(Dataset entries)
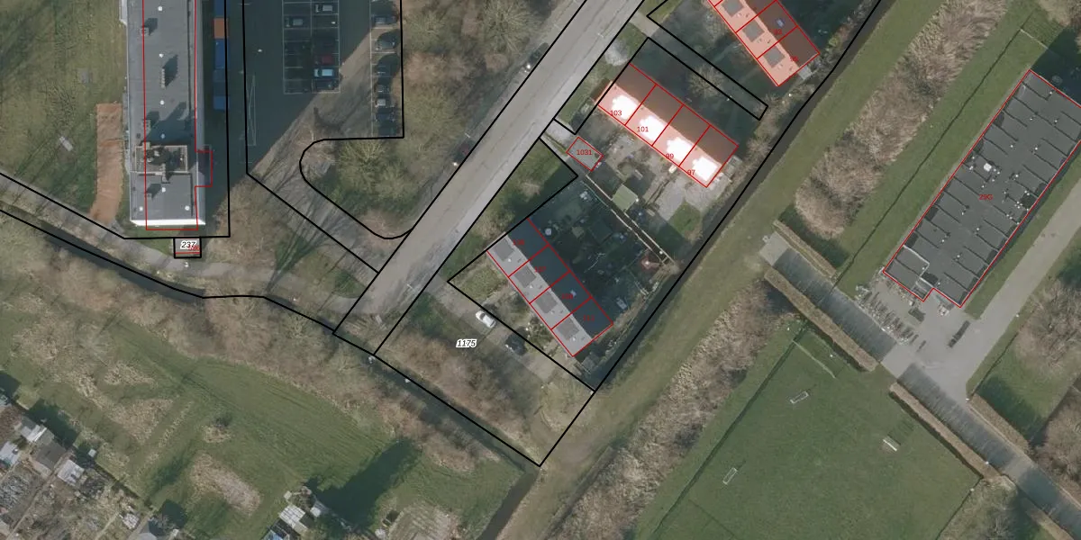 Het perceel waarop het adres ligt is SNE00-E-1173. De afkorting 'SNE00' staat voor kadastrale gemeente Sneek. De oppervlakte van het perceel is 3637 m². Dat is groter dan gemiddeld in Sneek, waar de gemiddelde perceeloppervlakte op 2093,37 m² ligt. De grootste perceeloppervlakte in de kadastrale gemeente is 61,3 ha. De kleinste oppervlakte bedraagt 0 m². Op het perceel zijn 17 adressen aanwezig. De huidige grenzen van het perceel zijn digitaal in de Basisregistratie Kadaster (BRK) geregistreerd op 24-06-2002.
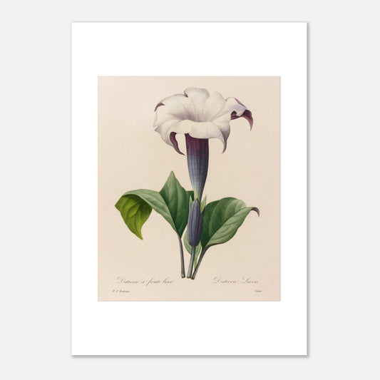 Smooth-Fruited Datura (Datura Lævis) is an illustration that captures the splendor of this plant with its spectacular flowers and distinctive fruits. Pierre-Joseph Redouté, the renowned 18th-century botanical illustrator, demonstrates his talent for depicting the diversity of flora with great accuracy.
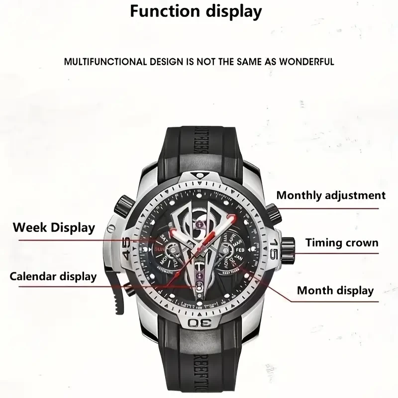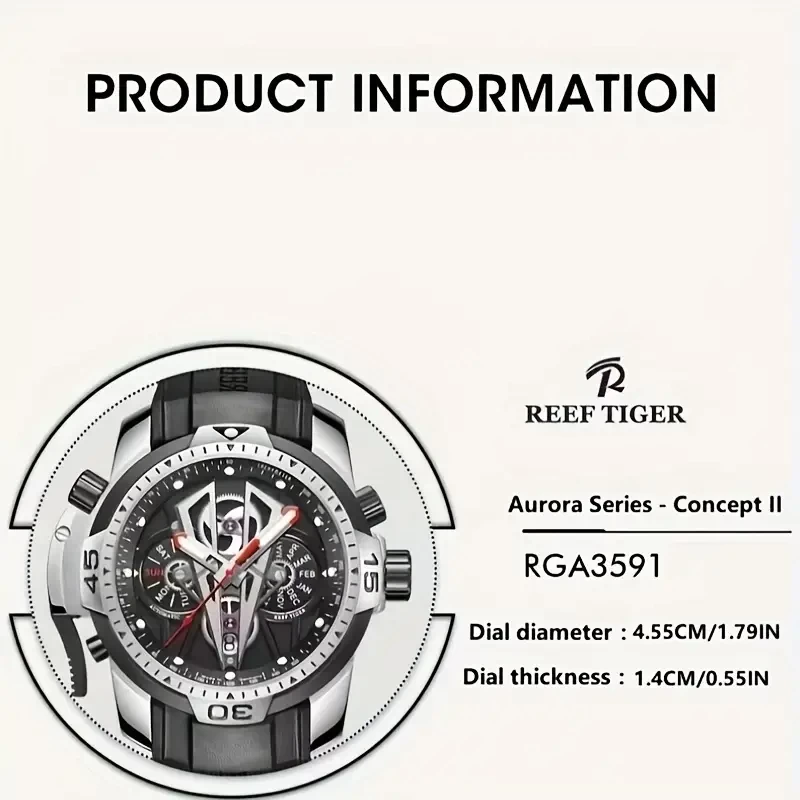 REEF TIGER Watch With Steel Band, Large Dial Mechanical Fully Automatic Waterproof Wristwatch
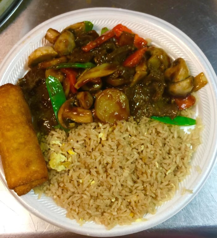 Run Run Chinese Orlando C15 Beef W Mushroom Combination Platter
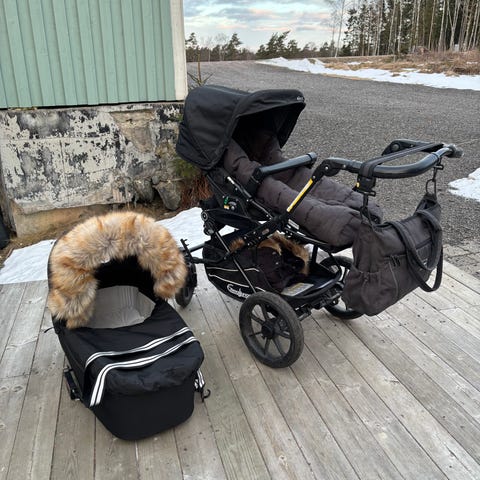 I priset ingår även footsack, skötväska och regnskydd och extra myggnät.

TO DO: Nothing but the lines from the one with "Run Run Chinese" through the end of the entries above, both included, should be set down, exactly and without pictures.

OUTPUT:
 Run Run Chinese Orlando C15 Beef W Mushroom Combination Platter
 I priset ingår även footsack, skötväska och regnskydd och extra myggnät.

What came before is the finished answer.